The principle of obedience to authority is very important in today’s society. Everybody has to obey somebody else once in a while, just as everybody tells other people what they have to do sometime, too. Stanley Milgram, in his article The Perils of Obedience, expands on a study he conducted in 1963. With this study, he tried to find out how subjects would react when ordered by a figure of authority to inflict pain to somebody else : would they do it ? How far would they go ? Surpringly, he found that a majority of subjects obeyed orders and went as far as they were asked to in causing pain to another adult. Indeed, it seems that most subjects did not feel they were responsible for the pain they were inflicting : after all, it was not their call, but the experimenter’s, and they had no other choice.
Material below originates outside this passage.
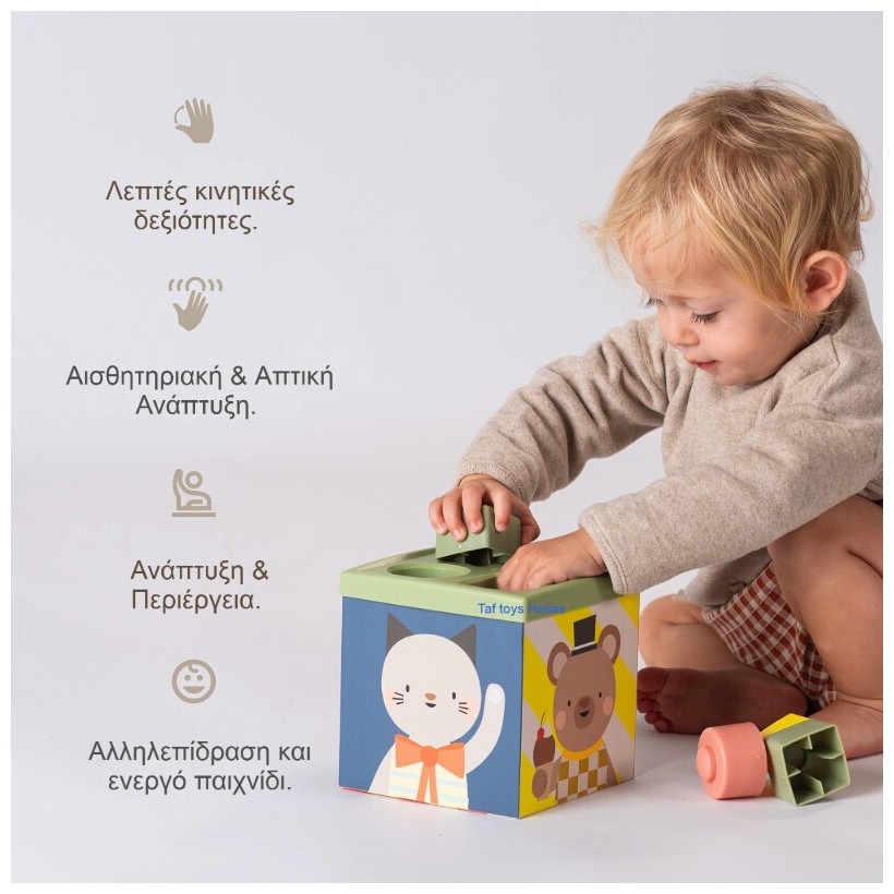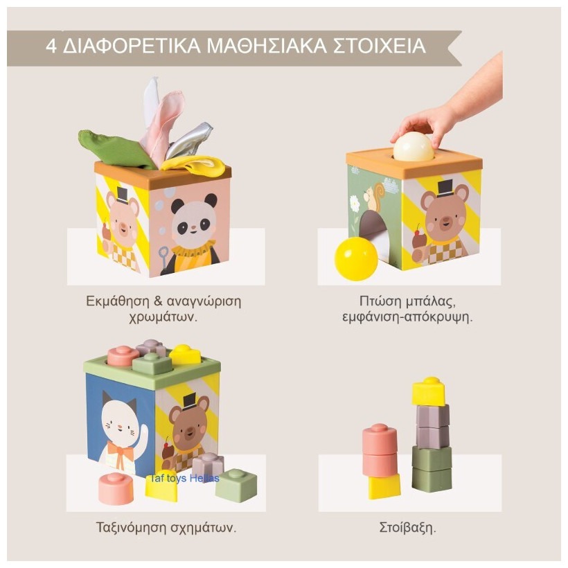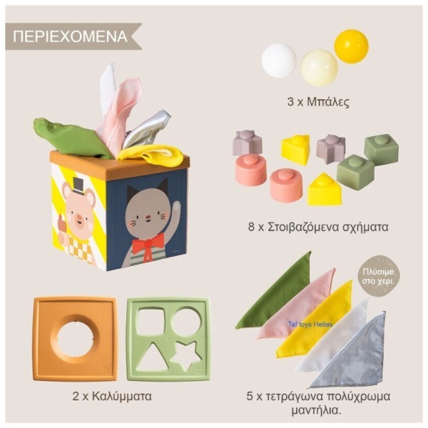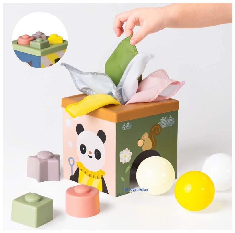Ένας πολύχρωμος και πολυαισθητηριακός κύβος δραστηριοτήτων σχεδιασμένος για νήπια από 12 μηνών και άνω. Προάγει τη γνωστική ανάπτυξη, την ενίσχυση των κινητικών δεξιοτήτων και το ανεξάρτητο παιχνίδι. Χαρακτηριστικά: Ηλικία: Από 12 μηνών και άνω Διαστάσεις: 14.5 x 14.5 x 19.5 cm Υλικά: Μη τοξικά, χωρίς BPA, μόλυβδο, φθαλικές ενώσεις και υδράργυρο Δραστηριότητες: Πέντε πολύχρωμα μαντηλάκια για εξερεύνηση υφής Τρεις μαλακές μπάλες για ανάπτυξη αισθητηριακών ικανοτήτων Οκτώ στοιβαζόμενα σχήματα για ενίσχυση της επίλυσης προβλημάτων Σχεδιασμός με στρογγυλή οπή και καλύμματα για αντιστοίχιση σχημάτων, που προσφέρει ατελείωτες ευκαιρίες εξερεύνησης και ανακάλυψης
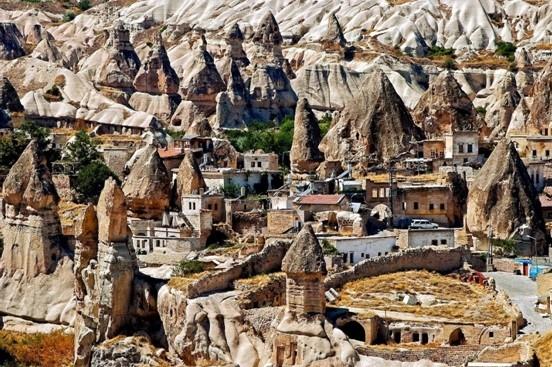 9- إقليم كبادوكيا – تركيا:- وهو إقليم تاريخي ناتج عن خليط من تدخل الإنسان والظواهر الطبيعية. ويقع كبادوكيا في شرق هضبة الأناضول، في وسط تركيا, وقد تدخل الإنسان لصنع مجموعة من الكهوف الرائعة داخل هذا الإقليم منذ ما يقرب من 3500 عام. وقد تم إنشاء العديد من المنازل والفنادق السياحية على هذه الكهوف.

Of course, the subjects were not told prior to the experiment that they would have to make another human being suffer and would have to face the dilemma of going through with the experiment or putting an end to it. Milgram was criticized a lot for this : he was accused of causing trauma to his subjects without a worthy reason justifying it. Those accusations are totally ridiculous, of course, and Milgram easily proved it : his subjects were definitely not traumatized by their participation to the experiment.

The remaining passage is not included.